Dans la nuit silencieuse, un vague murmure s’éleva : une chanson, une prière comme celle qu’on entend lorsqu’une foule récite le chapelet. Le bruit coulait, coulait, s’enflait de plus en plus. Derrière le murmure sourd, résonnait maintenant une douce musique, la plus belle musique que Joseph ait jamais entendue. Elle ressemblait à un cantique, un cantique tellement mélodieux que Joseph songea tout de suite que, seuls, les anges étaient capables d’en chanter un semblable. Il regarda Marie qui ne bougeait pas. Il regarda l’âne qui agitait ses deux oreilles en cadence. Il regarda l’Enfant, et il lui sembla qu’il souriait. N’y tenant plus, Joseph se leva. Dans l’ouverture de la grotte, il découvrit deux chérubins, accroupis, regardant extasiés leur Dieu devenu petit enfant. Leurs ailes blanches fermaient l’entrée d’une barrière de plumes hérissées. Dans l’interstice, Joseph vit s’avancer un groupe d’hommes, accompagnés de quelques moutons. Tous semblaient fort pressés ; mais devant la grotte ils s’arrêtèrent un instant, déconcertés. Il y eut un long conciliabule, dont profita un minuscule agneau pour pénétrer dans la grotte entre deux plumes et se faufiler aux pieds de Jésus. Les chérubins, au bruit de la conversation, s’étaient retournés. Devinant des amis dans le groupe indécis, ils replièrent leurs ailes. N’hésitant plus, les bergers envahirent l’étroite demeure et contemplèrent l’Enfant. Marie prit Jésus dans ses bras comme le prêtre tend l’ostensoir à la Bénédiction du Saint-Sacrement. Les bergers firent comme nous : ils s’agenouillèrent et adorèrent l’Enfant divin. Ils n’avaient pas voulu venir les mains vides (nous non plus, quand nous allons voir Jésus) ; c’est pourquoi ils lui offrirent un beau pain bis, une gourde de lait et un petit agneau blanc et propre comme un nuage égaré sur la terre.
Marie était toute joyeuse de tant d’amabilités. Vraiment, le Bon Dieu, s’Il demandait de grands sacrifices à son Fils, ne l’abandonnait pas.
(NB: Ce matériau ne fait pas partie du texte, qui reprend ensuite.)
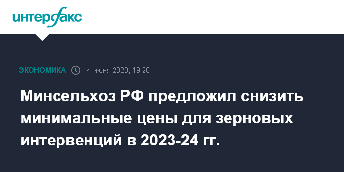 Москва. 14 июня. INTERFAX.RU - Минсельхоз РФ предлагает изменить предельные минимальные цены на зерно, при достижении которых в 2023-2024 годах будут проводиться закупочные и товарные интервенции на рынке зерна.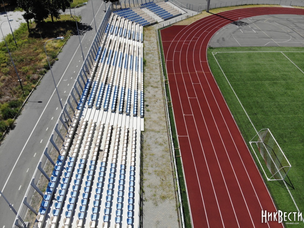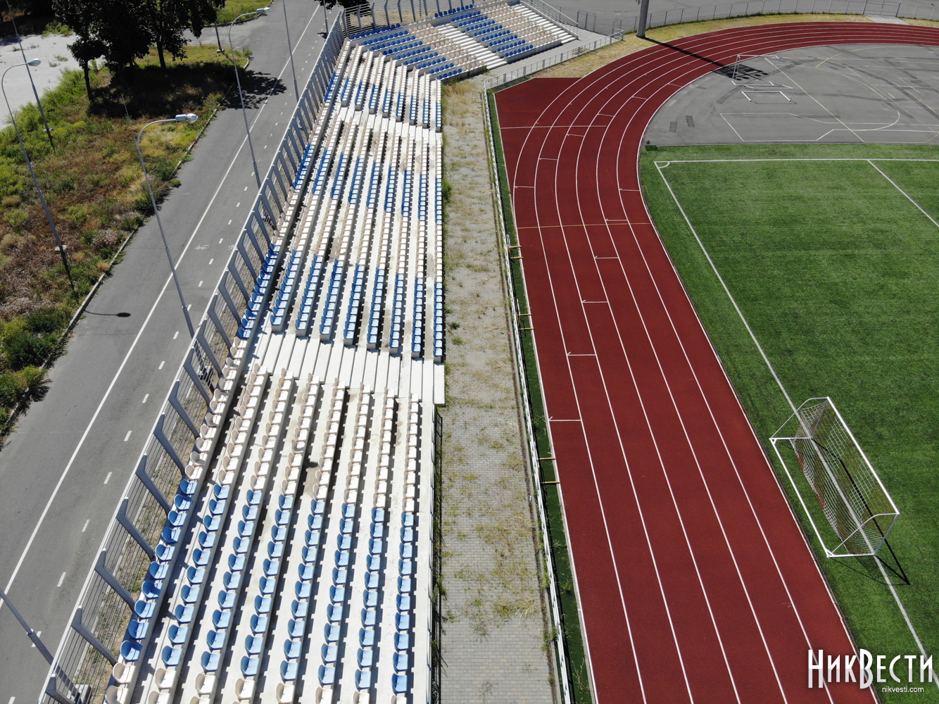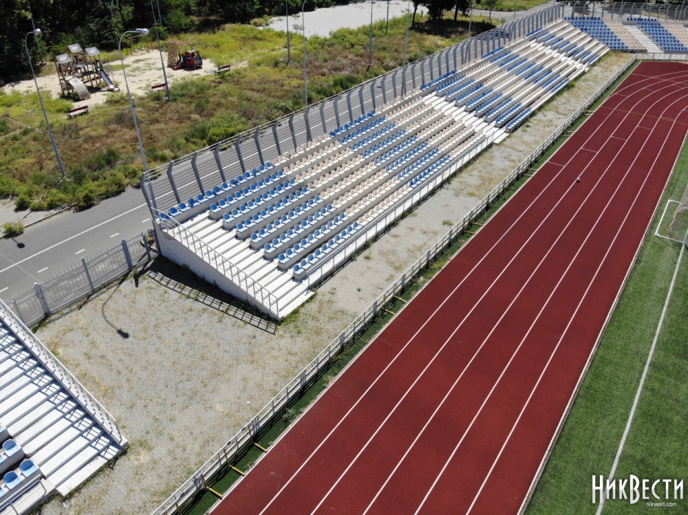 Стадион в парке Победы в Николаеве был построен и торжественно открыт еще осенью 2013 года. На открытие стадиона приехали тогда действующие министр образования и науки Украины Дмитрий Табачник, премьер-министр Украины Николай Азаров, глава Николаевской облгосадминистрации Николай Круглов, представители городской и областной властей, а также ректоры всех николаевских вузов.

Elle l’aima davantage encore si c’est possible, et serra plus fort son Jésus contre son cœur.
L’enfant sourit, d’un adorable sourire qui ravit les bergers, les moutons et l’âne. Les anges entonnèrent le beau cantique que vous connaissez tous : le « Gloria ». Les bergers reprirent le refrain de leurs voix mâles et rudes. L’âne voulut les accompagner, mais sa voix était trop fausse. Joseph dut le faire taire ; alors, il se contenta de battre la mesure avec le bout de sa queue grise.